Elasticsearch cluster of 4 nodes has "master not discovered exception"

Hi,

I had an error last week, seemed to be RAM in Java that parked my install on the first node (where Kibana role was installed). Ever since then I cannot get the cluster back operational.

When it is all restarted, all 4 nodes seem to communicate ok and report alive, some shards are not allocated but I can get to Yellow status at least, but left long enough after than the cluster transitions to RED and stops there. I can telnet between all of them still.

Which logs do I need to look in and does anyone have any good ideas? :frowning:

root@SERVER:~# curl -XGET 'http://localhost:9200/_cluster/state?pretty'
{
  "error" : {
    "root_cause" : [
      {
        "type" : "master_not_discovered_exception",
        "reason" : null
      }
    ],
    "type" : "master_not_discovered_exception",
    "reason" : null
  },
  "status" : 503
}

What does your node configuration(s) look like?

Hi Christian, pasted below.

# ======================== Elasticsearch Configuration =========================
#
# NOTE: Elasticsearch comes with reasonable defaults for most settings.
#       Before you set out to tweak and tune the configuration, make sure you
#       understand what are you trying to accomplish and the consequences.
#
# The primary way of configuring a node is via this file.
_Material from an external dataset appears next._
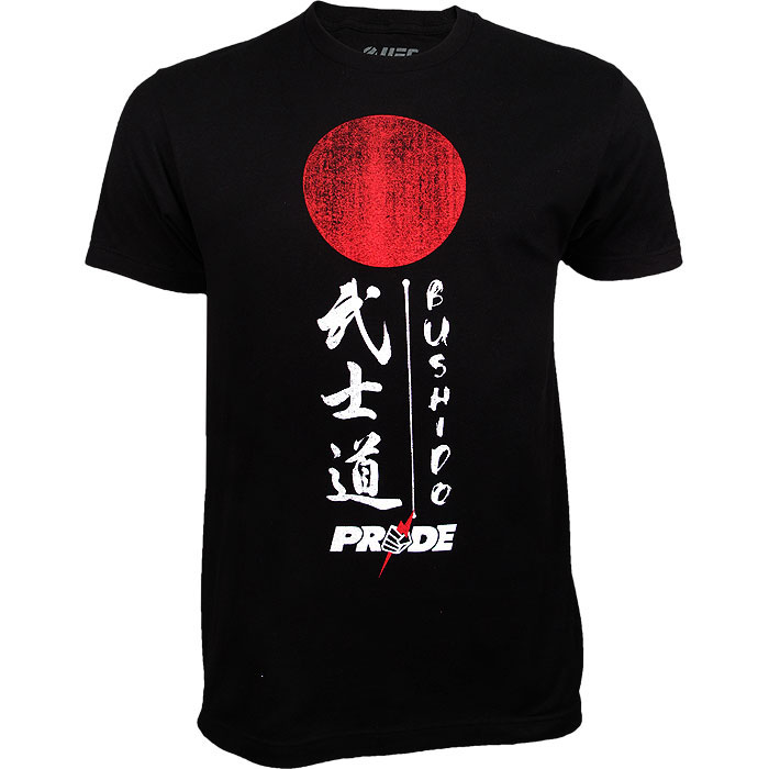 Le t-shirt est tout noir avec le soleil levant rouge, l’inscription « Bushido », des caractères kanji et le logo du Pride sur le torse. Cependant, il n’y a rien au dos…
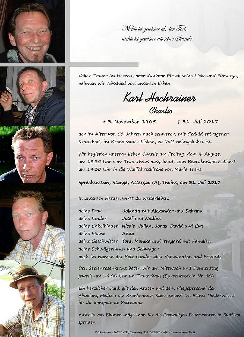 Anstelle von Blumen möge man für die Freiwilligen Feuerwehren in Südtirol spenden.

This template lists
# the most important settings you may want to configure for a production cluste$
#
# Please consult the documentation for further information on configuration opt$
# https://www.elastic.co/guide/en/elasticsearch/reference/index.html
#
# ---------------------------------- Cluster -----------------------------------
#
# Use a descriptive name for your cluster:
#
cluster.name: *************
#
# ------------------------------------ Node ------------------------------------
#
# Use a descriptive name for the node:
#
node.name: ${HOSTNAME}
#
# Add custom attributes to the node:
#
#node.attr.rack: r1
#
# ----------------------------------- Paths ------------------------------------
#
# Path to directory where to store the data (separate multiple locations by com$
#
path.data: /data/data/elasticsearch
#
# Path to log files:
#
path.logs: /data/logs/elasticsearch
#
# ----------------------------------- Memory -----------------------------------
#
# Lock the memory on startup:
#
#bootstrap.memory_lock: true
#
# Make sure that the heap size is set to about half the memory available
# on the system and that the owner of the process is allowed to use this
# limit.
#
# Elasticsearch performs poorly when the system is swapping the memory.
#
# ---------------------------------- Network -----------------------------------
#
# Set the bind address to a specific IP (IPv4 or IPv6):
#
network.host: [_tun0_, _local_, _site_]
#
# Set a custom port for HTTP:
#
#http.port: 9200
#
# For more information, consult the network module documentation.
#
# --------------------------------- Discovery ----------------------------------
#
# Pass an initial list of hosts to perform discovery when new node is started:
# The default list of hosts is ["127.0.0.1", "[::1]"]
#
discovery.zen.ping.unicast.hosts: ["10.0.0.1", "10.0.0.2", "10.0.0.3", "10.0.0.$
#
# Prevent the "split brain" by configuring the majority of nodes (total number $
#
#discovery.zen.minimum_master_nodes: 1
#
# For more information, consult the zen discovery module documentation.
#
# ---------------------------------- Gateway -----------------------------------
#
# Block initial recovery after a full cluster restart until N nodes are started:
#
#gateway.recover_after_nodes: 3
#
# For more information, consult the gateway module documentation.
#
# ---------------------------------- Various -----------------------------------
#
# Require explicit names when deleting indices:
#
#action.destructive_requires_name: true

It looks like all 4 nodes are master eligible. If that is the case you need to set discovery.zen.minimum_master_nodes to 3 in accordance with these guidelines in order to avoid split brain scenarios.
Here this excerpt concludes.